[Sca-cooks] Sweet frumenty recipes...
Terry Decker
t.d.decker at worldnet.att.net
Tue Feb 28 21:42:39 PST 2006
Not at all within period. Triticale is a hybrid of wheat (Triticum) and rye
(Secale) specifically bred in the 1930's to reduce world hunger. It
produces 5 to 50 percent greater yield than wheat. Human use products are
still being worked out (the flour is a little heavy), but primary emphasis
in North america is on using it for feed, fodder and silage.
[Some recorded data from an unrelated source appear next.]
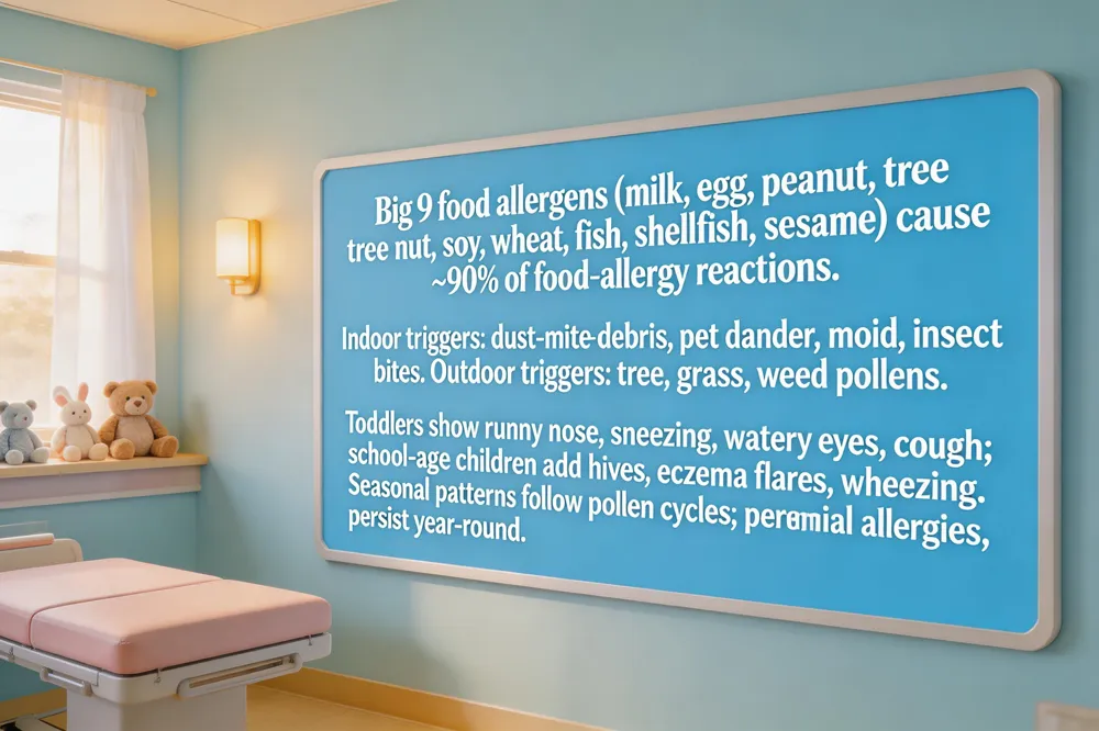 Children’s allergies most often involve the “Big 9” foods—milk, eggs, peanuts, tree nuts, soy, wheat, fish, shellfish and sesame—which account for about 90 % of food‑allergy reactions in the United States. Environmental triggers are equally common: indoor culprits include dust‑mite debris, pet dander, mold spores and insect bites or stings, while outdoor allergens are tree, grass and weed pollens. In toddlers, seasonal allergies typically appear as a clear, persistent runny nose or nasal congestion that recurs each year at the same time, accompanied by frequent sneezing, red watery eyes, eye rubbing and a cough or post‑nasal drip. Dark circles under the eyes and fatigue are also frequent, but fever is absent. School‑age children may show the same nasal and ocular symptoms, plus itchy hives or eczema flare‑ups and occasional wheezing that signals allergy‑triggered asthma. Allergic rhinitis (hay fever) follows a seasonal pattern—spring tree pollen, summer grass pollen, fall weed pollen—whereas perennial allergies from dust mites, mold, animal dander, indoor year‑round. Early identification, allergen avoidance, and a personalized plan created with a pediatric allergist are essential to keep children comfortable and reduce complications.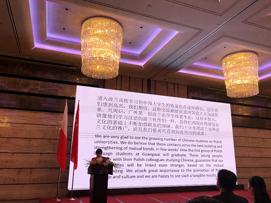 总领事约安娜•斯科柴克女士在讲话中指出,2018年对波兰有着特别的意义,100年前波兰在经历了123年的外族侵占后终于重获独立。在困难时期波兰人民对民族特性、本族语言、文化和宗教的传承与守护,使得波兰得以重生。同时也希望,中波全面战略合作伙伴关系的确立能让中波经济贸易往来能提升到更高、更广的层面,而广东省与波兰在创新、高科技和生态等领域的合作前景十分广阔。此外,2018年正值“中国-欧盟旅游年”,总领事很高兴能看到访波中国旅客数量正在逐年增长。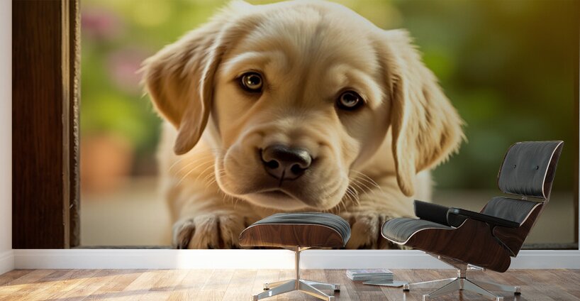 A golden Labrador puppy with soft fluffy coat examines a white cat flap with intense curiosity pressing his small black nose against the plastic door while his tail shows excitement in a cozy kitchen environment. Digital Artwork.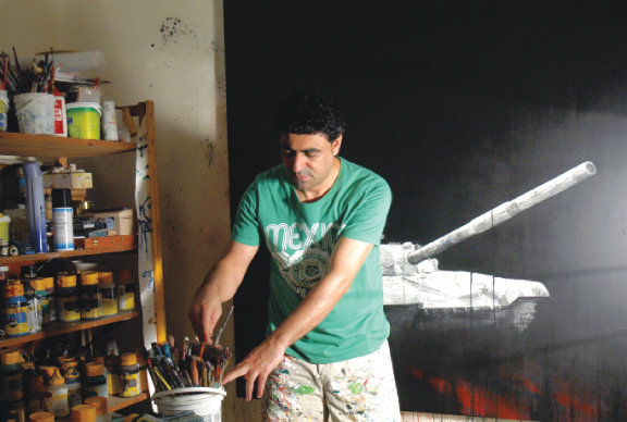 صورة نتلقفها عبر وسائل مختلفة، معظمها مأخوذ بواسطة أشخاص غير محترفين، وهنا تكمن أهميتها، حيث لا تظهر إلا المعاني الهائلة والرمزية المكثفة فقط، فهي بليغة وآسرة وملهمة، وحضور آلات الموت فيها، كبير وجبار وعدواني كاسح وصلف، فهي تلغي الحياة وتجلب الموت والدمار، وهذا سبب من أسباب حضورها في لوحتي الجديدة في معادلة العتمة والظلام:

Quadrotriticale appears to be a genetically enhanced polyploidal varietal of
triticale, which the Guide says may attract tribbles (and possibly Martian
flat cats).
Bear
> And when is it best to use quadrotriticale? :-)
>
> Huette, slinking back to her Asylum...
>
> --- Terry Decker <t.d.decker at worldnet.att.net> wrote:
>
>> A soft wheat would be most appropriate, although hard red winter wheat
>> has
>> worked for me. Depending on the time and the location, the wheat would
>> likely have been emmer (Triticum dicoccum), club wheat (T. aestivum
>> compactum) or a soft common wheat (T. aestivum aestivum). Modern wheats
>> are
>> variants of the latter subspecies.
>>
>> Spelt (T. spelta) was the most common hard wheat from Antiquity well into
>> the Middle Ages. Most of the hard wheats are modern hybrids.